Single by David Sylvian & Ryuichi Sakamoto featuring Ingrid Chavez

from the album Heartbeat
- B-side: "Nuages"
- Released: June 1, 1992
- Genre: Art rock
- Length: 5:19
- Label: Virgin
- Songwriter(s): Arto Lindsay, Ryuichi Sakamoto, David Sylvian
- Producer(s): Ryuichi Sakamoto, David Sylvian

Ryuichi Sakamoto singles chronology
| "Field Work" (1986) | "Heartbeat (Tainai Kaiki II) – Returning to the Womb" (1992) |  |

David Sylvian singles chronology
| "Pop Song" (1989) | "Heartbeat (Tainai Kaiki II)" (1992) | "Jean the Birdman" (1993) |

= Heartbeat (Tainai Kaiki II) =

"Heartbeat (Tainai Kaiki II) – Returning to the Womb" is a song resulting from the collaboration between Ryuichi Sakamoto and David Sylvian, with music co-written by Arto Lindsay. It features vocals by Ingrid Chavez and spoken word by John Cage. The mini-album containing the track was released in 1992 and features a previous collaboration between Sakamoto and Sylvian, the 1984 re-recording of "Forbidden Colours", produced by Steve Nye, that was the B-side to Sylvian's single "Red Guitar" and features as a bonus track on his 1987 album Secrets of the Beehive.

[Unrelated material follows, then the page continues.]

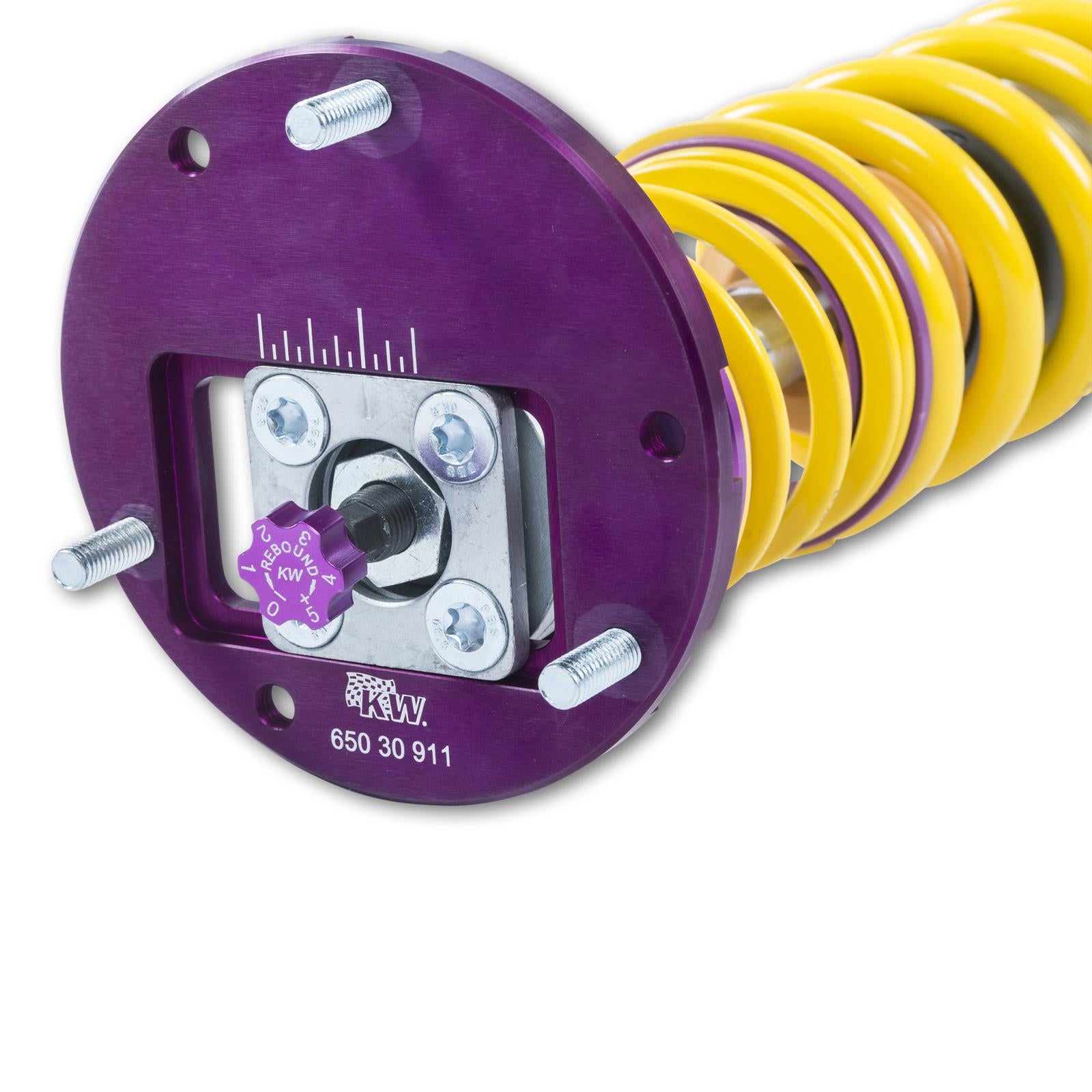 The KW V3 Clubsports and KW V4 Clubsport provides the user numerous adjustment settings. This allows to user to dial the suspension setup to his/hers driving style and to adjust or match the tire/wheel setup of the vehicle.

The song can be found on Sakamoto's album Heartbeat, in different versions depending on the issue as well as in Sylvian's compilation A Victim of Stars 1982–2012 (CD 1).

== Track listing ==

7" single
| No. | Title | Writer(s) | Artist | Length |
|---|---|---|---|---|
| 1. | "Heartbeat (Tainai Kaiki II) – Returning to the Womb" | Arto Lindsay, Ryuichi Sakamoto, David Sylvian | David Sylvian & Ryuichi Sakamoto featuring Ingrid Chavez | 5:18 |
| 2. | "Nuages" | Traditional, Sakamoto (arr.) | Sakamoto | 2:16 |

Mini-album
| No. | Title | Writer(s) | Artist | Length |
|---|---|---|---|---|
| 1. | "Heartbeat (Tainai Kaiki II) – Returning to the Womb" |  | David Sylvian & Ryuichi Sakamoto featuring Ingrid Chavez | 5:18 |
| 2. | "Forbidden Colours" | Sakamoto, Sylvian | David Sylvian & Ryuichi Sakamoto | 5:56 |
| 3. | "Heartbeat I" | Jeffrey Cohen | Sakamoto | 4:41 |
| 4. | "Nuages" |  | Sakamoto | 2:16 |

== Charts ==

Chart performance for "Heartbeat (Tainai Kaiki II)"
| Chart (1992) | Peak position |
|---|---|
| Australia (ARIA) | 69 |
| UK Singles (OCC) | 58 |

==Release history==

| Region | Date | Label | Format | Catalog |
|---|---|---|---|---|
| United Kingdom | 1992 | Virgin | CD, LP | VUS 57 |

The song was included on Sakamoto's album Heartbeat original Japanese issue in a version without Sylvian's lyrics and vocals (only sung by Lindsay).

== Reception ==
"Tainai Kaiki" was said to be "a neatly crafted pop song, mournful enough to appeal to Sylvian fans".